In June 2013, Boise journalist Nathaniel Hoffman and writer Nicole Salgado, who now lives in Mexico, entered the United States Capitol building in Washington D.C. with two suitcases and started going door to door. Their mission: to deliver a copy of their book Amor and Exile: True Stories of Love across America’s Borders to all 535 members of the United States Congress. The book weaves Hoffman’s traditional reporting with Salgado’s personal narrative of her life as an American citizen who was forced to leave her country in order to preserve her family.

“We spent two days delivering the books,” said Hoffman, who edits Boise State University’s online journal of popular scholarship, The Blue Review. “When the representatives realized we were the actual authors, they came out of their offices and engaged with us. We had an opportunity to tell them our ideas about immigration. Once we know someone in this situation, it is easier for us to understand the real issue – it’s the same for members of Congress and their staff. They need to meet people like Nicole who are affected and disenfranchised by their laws.”

Hoffman and Salgado first met at Cornell University where Hoffman majored in African Studies. Their friendship continued when they were both living in California, where Hoffman covered immigration issues for the Contra Costa Times and Salgado met her future husband Margo, an undocumented Mexican immigrant. “I got interested in this issue because immigration is all sound bite journalism,” Hoffman said. “Nicole was actually living this. I wanted to get beyond the sound bites – to tell the stories of American citizens who were impacted by immigration laws.”

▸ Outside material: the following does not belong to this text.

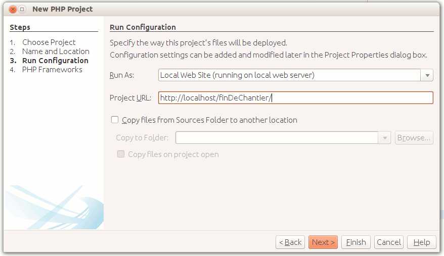 - le champ intitulé Run As indique si l'environnement d'exécution est local. Pour votre projet, vous devez installer WAMP Server (pour Windows) ou LAMP Server (pour Linux). Pour notre exemple, nous laisserons ce champ inchangé.

What Hoffman learned surprised him. Like most Americans, he assumed that an American citizen could bring a foreign-born spouse into the country. But since the Illegal Immigration Reform and Immigrant Responsibility Act of 1996, that has not been the case for many couples.

While researching the book, Hoffman traveled to Mexico to get both sides of these poignant and painful stories. He was particularly moved by the story of Veronica, a woman who lives in Canyon County, and her husband Juan, who has a 20-year ban from entering the United States and, as a result, now lives apart from his wife and children in Michoacan, Mexico. “Her husband was deported, and she was a single mother overnight,” Hoffman says. “They had no time to plan. They had a normal life in Nampa together (he was supporting her and the family) and now she is on welfare, struggling to raise her daughters alone.”

Hoffman and Salgado decided to write a book together in 2010. Three years later, just as immigration reform sound bites started to dominate the news again, they completed Amor and Exile and decided to crowd-fund its publication. They raised more than $12,000 with an IndieGoGo campaign, enabling them to print 1000 copies of the book and make their trip to
Washington D.C.

Hoffman and Salgado plan to take their message to corporate America next, providing a copy of the book to CEOs. “The stories are hard for people to tell, because the stakes are so high,” Hoffman says. “Your family could be split apart.” Still, he hopes that their book will provide a meaningful context for the immigration conversation. “These are real couples, real stories,” he says.